YOUR TASK:
Could you retype all of the records exactly, leaving out every picture?

[INPUT RECORDS]

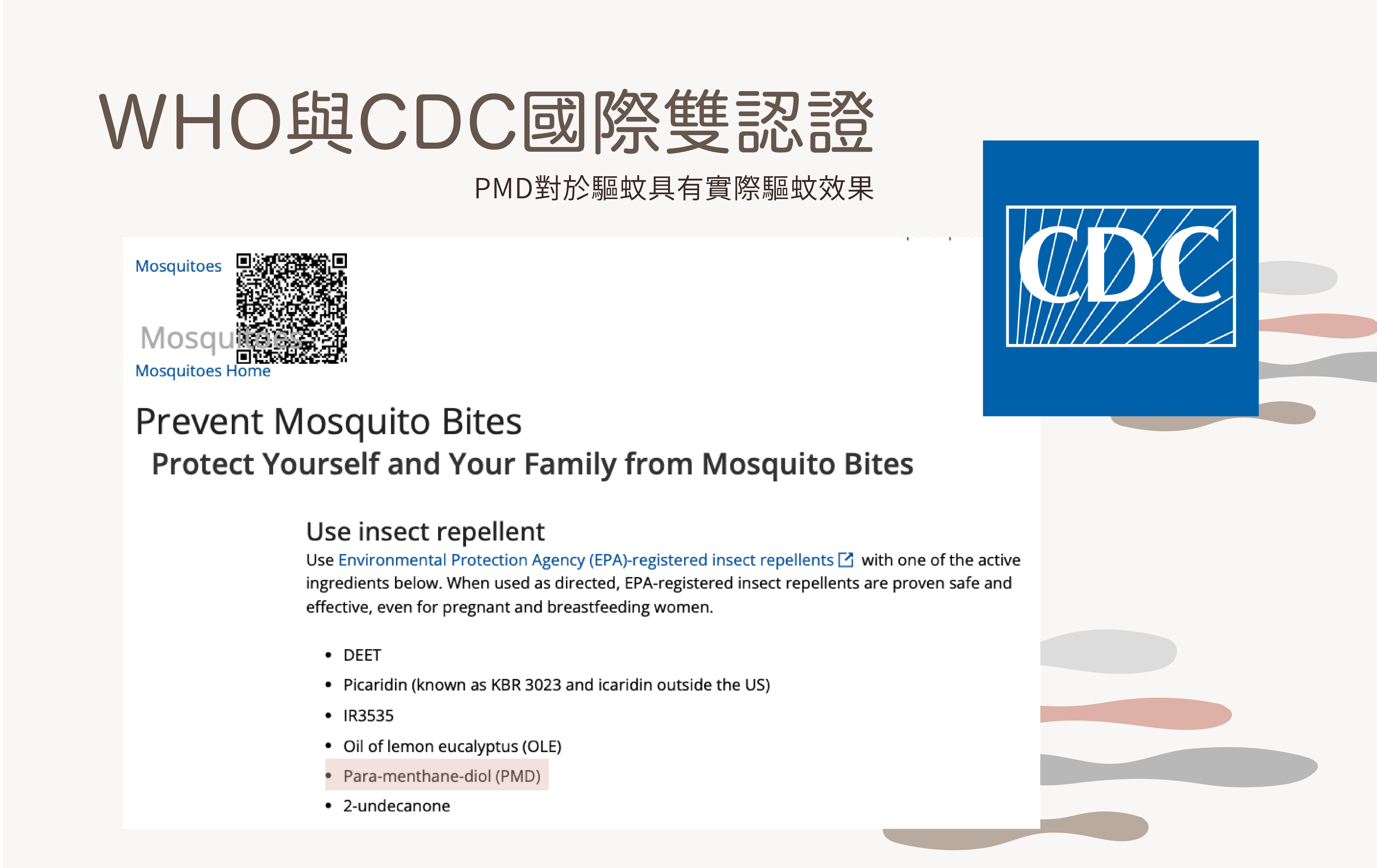 使用天然植萃的檸檬桉(PMD),PMD是WHO與美國疾管局CDC認可有效防蚊的成分之一
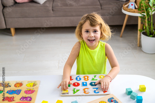 © yanadjan, Fototapeta premium Child learns numbers and letters. Selective focus.
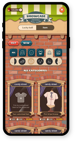 2、切换分类,浏览新上架内容,创建幸运球,参与特色商店互动。
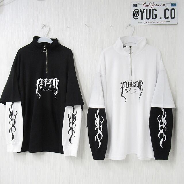 トライバル ハーフZip ハイネック 袖レイヤード 重ね着 プルオーバー ブラック
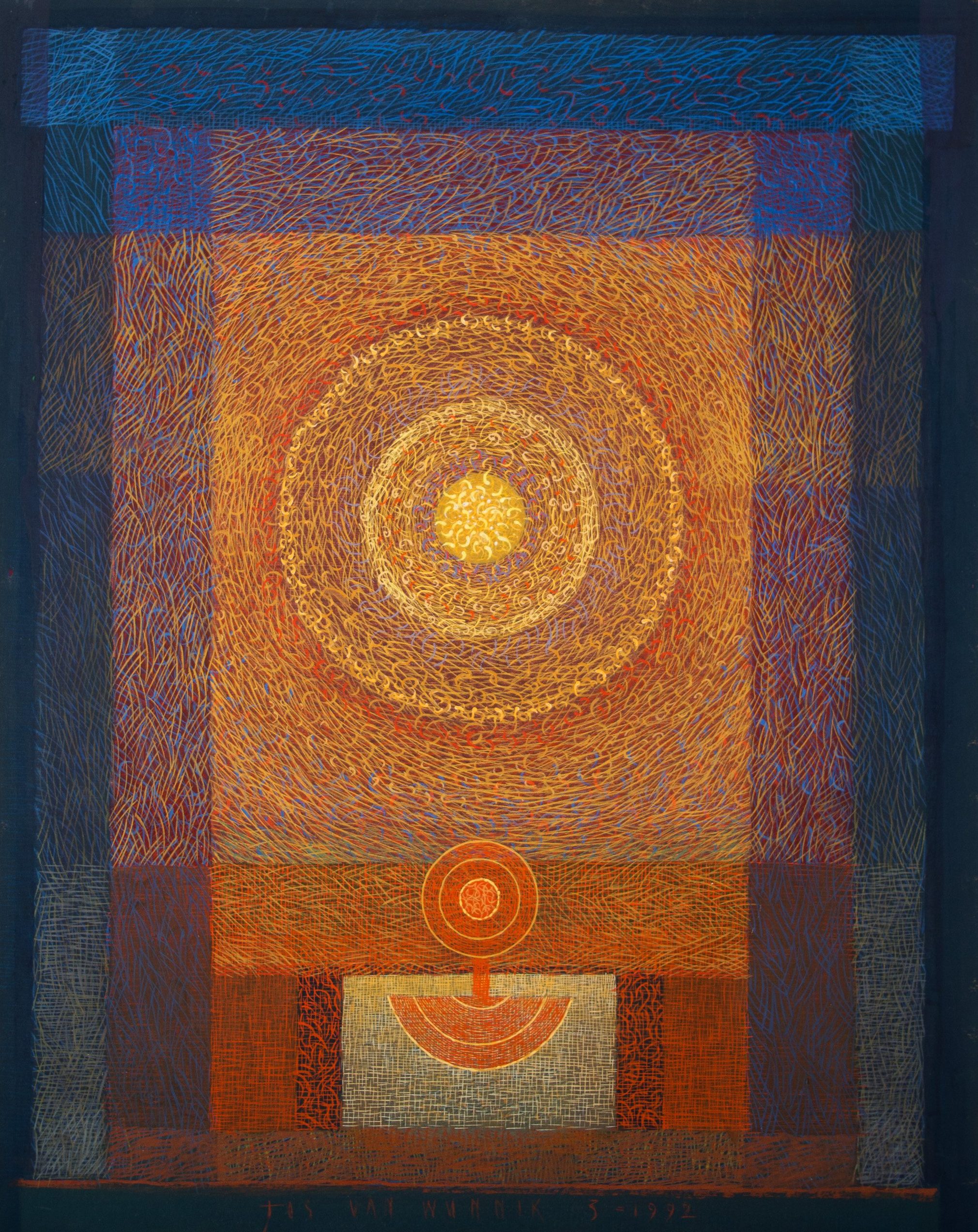De reis door Bhutan inspireerde me om een serie schilderijen te maken van cirkels met stralend middelpunt die zowel aan sterren als aan bloemen deden denken. Het was de verste reis die ik ooit maakte. De schilderijen die daarna ontstonden waren de meest verinnerlijkte beelden die ik tot dan toe maakte.
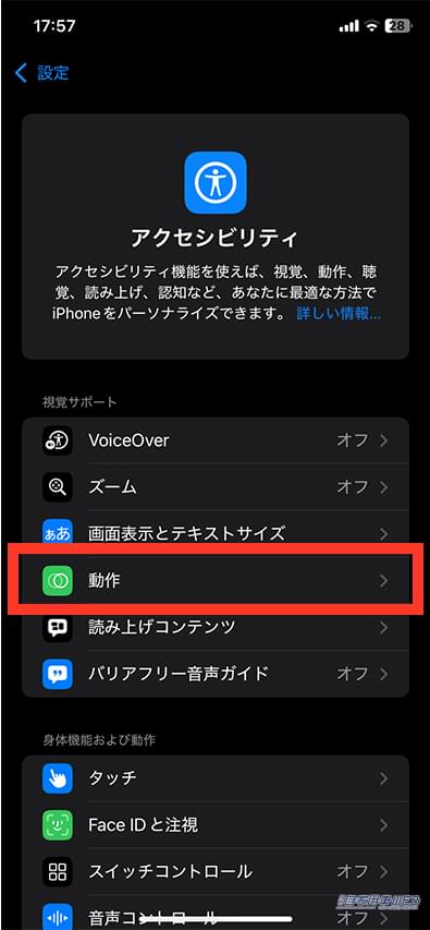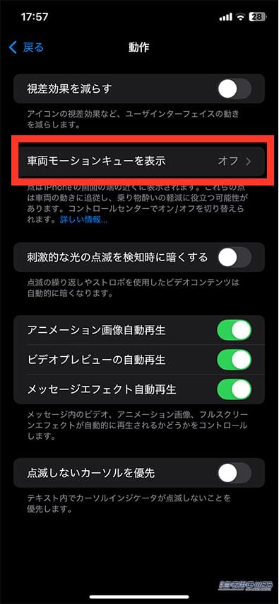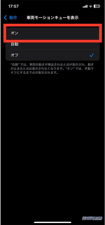 「車両モーションキュー」機能をONにすると、画面の端に黒点が現れる。
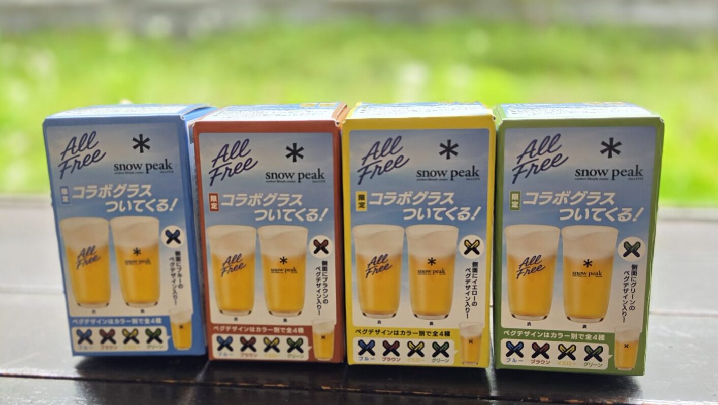 サントリーのオーリフリーを購入すると、snow peak(スノーピーク)とのコラボアイテムがついてくるキャンペーンが始まっています。表面にはスノーピークのブランドロゴ、裏面にはオールフリーのブランドロゴ、側面には4色のペグデザインが描かれた「コラボグラス」もらえるキャンペーンです。詳細をレビューします。
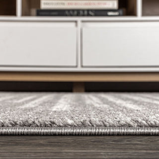 Inspired by vintage Moroccan rugs, our modern striped rug is power-loomed with a short pile. The central stripe pattern is woven in gray on an ivory background; the mingled threads recall traditional handwoven rugs. Add some Bohemian style to your home with this easy-care rug.
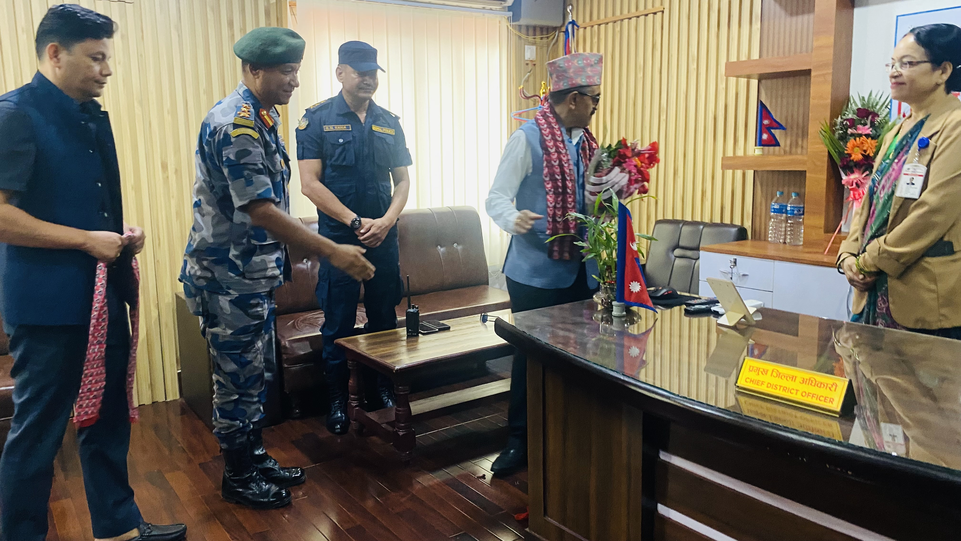 माननीय गृहमन्त्रीज्यूलाई जिल्लाको शान्ति सुरक्षाको अवस्था अवगत गराउदै
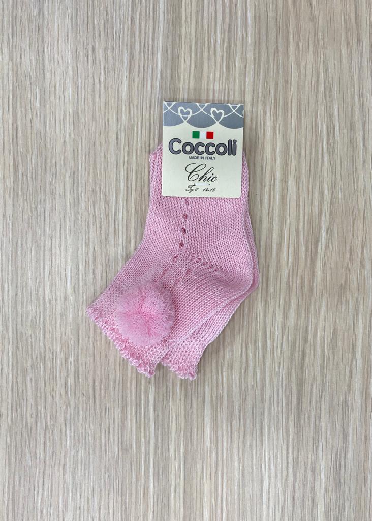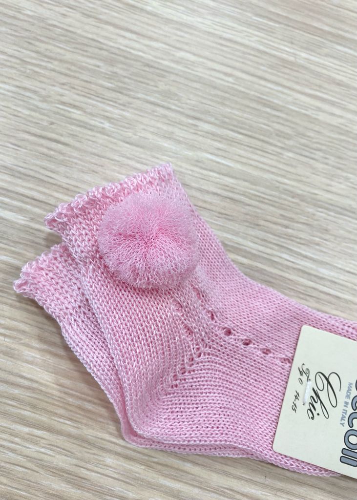 Calzino neonata/bambina in morbido filo makò di cotone, di colore rosa, con pom pon laterali. 100% Cotone.
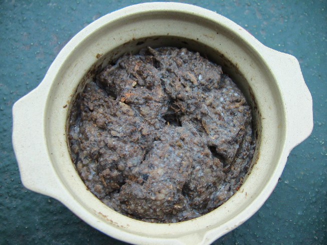 IMG_1953.JPG 土着菌培養を瓶ならぬ小型土鍋に仕込んで10日ほど、発酵しているのか酢味噌のような臭いがします。
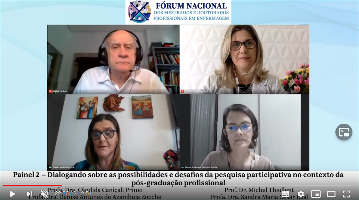 O Curso de Mestrado Profissional em Enfermagem na Atenção Primária a Saúde da UDESC/CEO (MPEAPS) participou do X Fórum Nacional dos Mestrados Profissionais em Enfermagem, nos dias 21 e 23 de outubro de forma remota, promovido pela Universidade Estadual Paulista (UNESP). O MPEAPS contou com a participação de 11 professores e 20 mestrandos. A coordenadora do curso, Profª. Dra. Denise Antunes de Azambuja Zocche, esteve envolvida na realização do evento como Palestrante no Painel: Dialogando sobre as possibilidades e desafios da pesquisa participativa no contexto da pós-graduação profissional juntamente como Prof.Dr.Michel Thiollent e a Prof. Dra. Candida Primo.
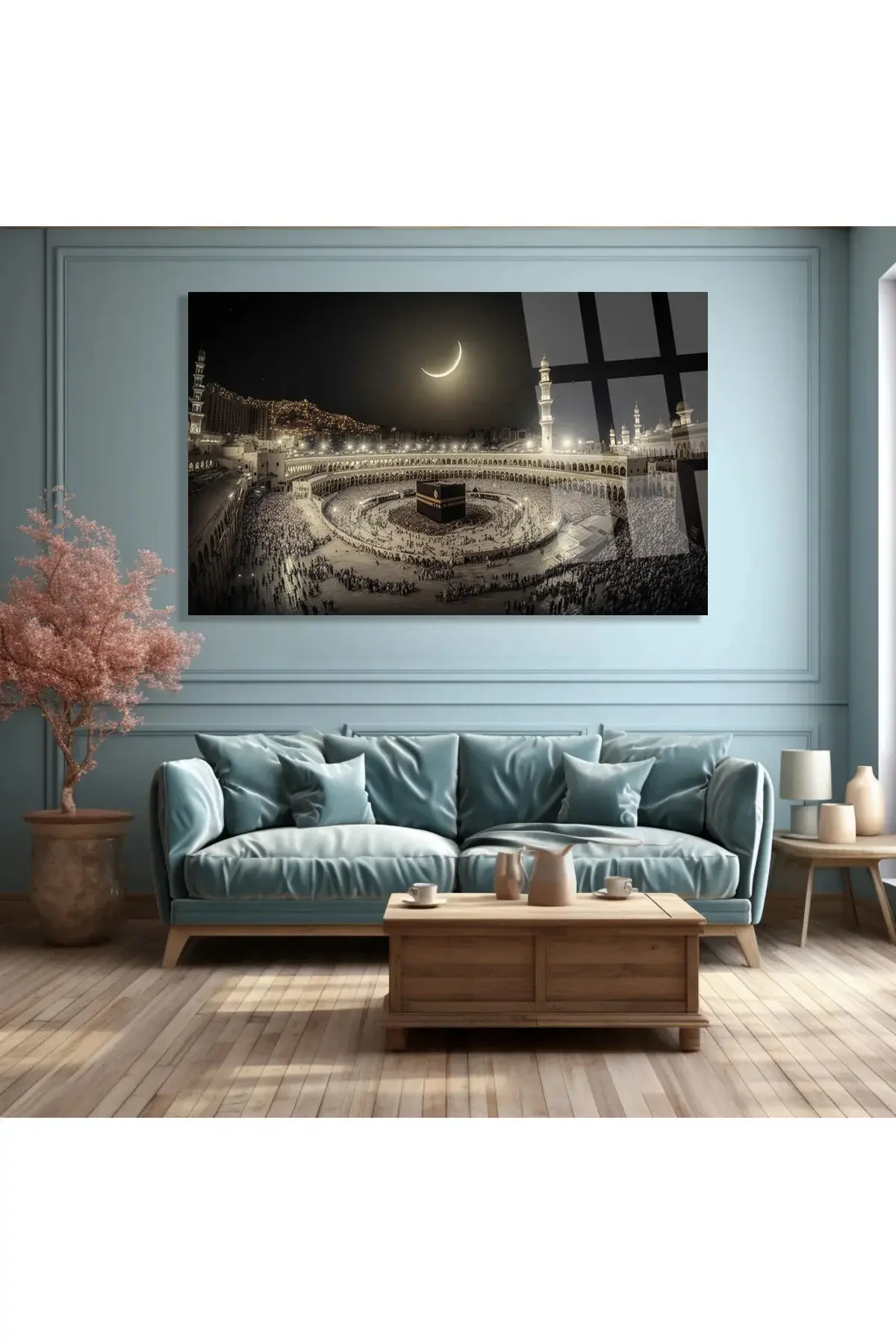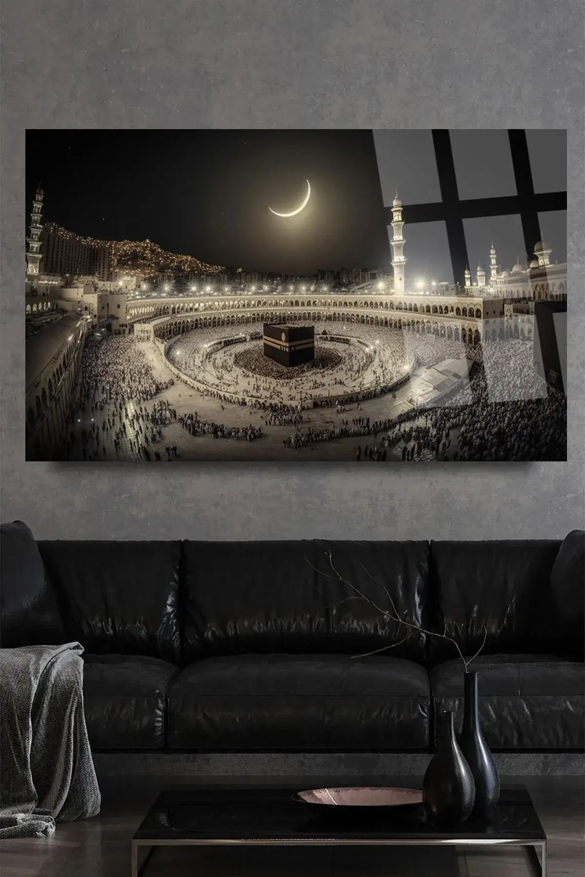 KABE MEKKE MANZAASI DİNİ İSLAMİ KIRILMAZ CAM TABLO ULTRA CANLI RENKLER EV HEDİYESİ OFİS HEDİYESİ Siyah

[/INPUT RECORDS]

SOLUTION BELOW:
 使用天然植萃的檸檬桉(PMD),PMD是WHO與美國疾管局CDC認可有效防蚊的成分之一
 © yanadjan, Fototapeta premium Child learns numbers and letters. Selective focus.
 2、切换分类,浏览新上架内容,创建幸运球,参与特色商店互动。
 トライバル ハーフZip ハイネック 袖レイヤード 重ね着 プルオーバー ブラック
De reis door Bhutan inspireerde me om een serie schilderijen te maken van cirkels met stralend middelpunt die zowel aan sterren als aan bloemen deden denken. Het was de verste reis die ik ooit maakte. De schilderijen die daarna ontstonden waren de meest verinnerlijkte beelden die ik tot dan toe maakte.
 「車両モーションキュー」機能をONにすると、画面の端に黒点が現れる。
 サントリーのオーリフリーを購入すると、snow peak(スノーピーク)とのコラボアイテムがついてくるキャンペーンが始まっています。表面にはスノーピークのブランドロゴ、裏面にはオールフリーのブランドロゴ、側面には4色のペグデザインが描かれた「コラボグラス」もらえるキャンペーンです。詳細をレビューします。
 Inspired by vintage Moroccan rugs, our modern striped rug is power-loomed with a short pile. The central stripe pattern is woven in gray on an ivory background; the mingled threads recall traditional handwoven rugs. Add some Bohemian style to your home with this easy-care rug.
 माननीय गृहमन्त्रीज्यूलाई जिल्लाको शान्ति सुरक्षाको अवस्था अवगत गराउदै
 Calzino neonata/bambina in morbido filo makò di cotone, di colore rosa, con pom pon laterali. 100% Cotone.
 IMG_1953.JPG 土着菌培養を瓶ならぬ小型土鍋に仕込んで10日ほど、発酵しているのか酢味噌のような臭いがします。
 O Curso de Mestrado Profissional em Enfermagem na Atenção Primária a Saúde da UDESC/CEO (MPEAPS) participou do X Fórum Nacional dos Mestrados Profissionais em Enfermagem, nos dias 21 e 23 de outubro de forma remota, promovido pela Universidade Estadual Paulista (UNESP). O MPEAPS contou com a participação de 11 professores e 20 mestrandos. A coordenadora do curso, Profª. Dra. Denise Antunes de Azambuja Zocche, esteve envolvida na realização do evento como Palestrante no Painel: Dialogando sobre as possibilidades e desafios da pesquisa participativa no contexto da pós-graduação profissional juntamente como Prof.Dr.Michel Thiollent e a Prof. Dra. Candida Primo.
 KABE MEKKE MANZAASI DİNİ İSLAMİ KIRILMAZ CAM TABLO ULTRA CANLI RENKLER EV HEDİYESİ OFİS HEDİYESİ Siyah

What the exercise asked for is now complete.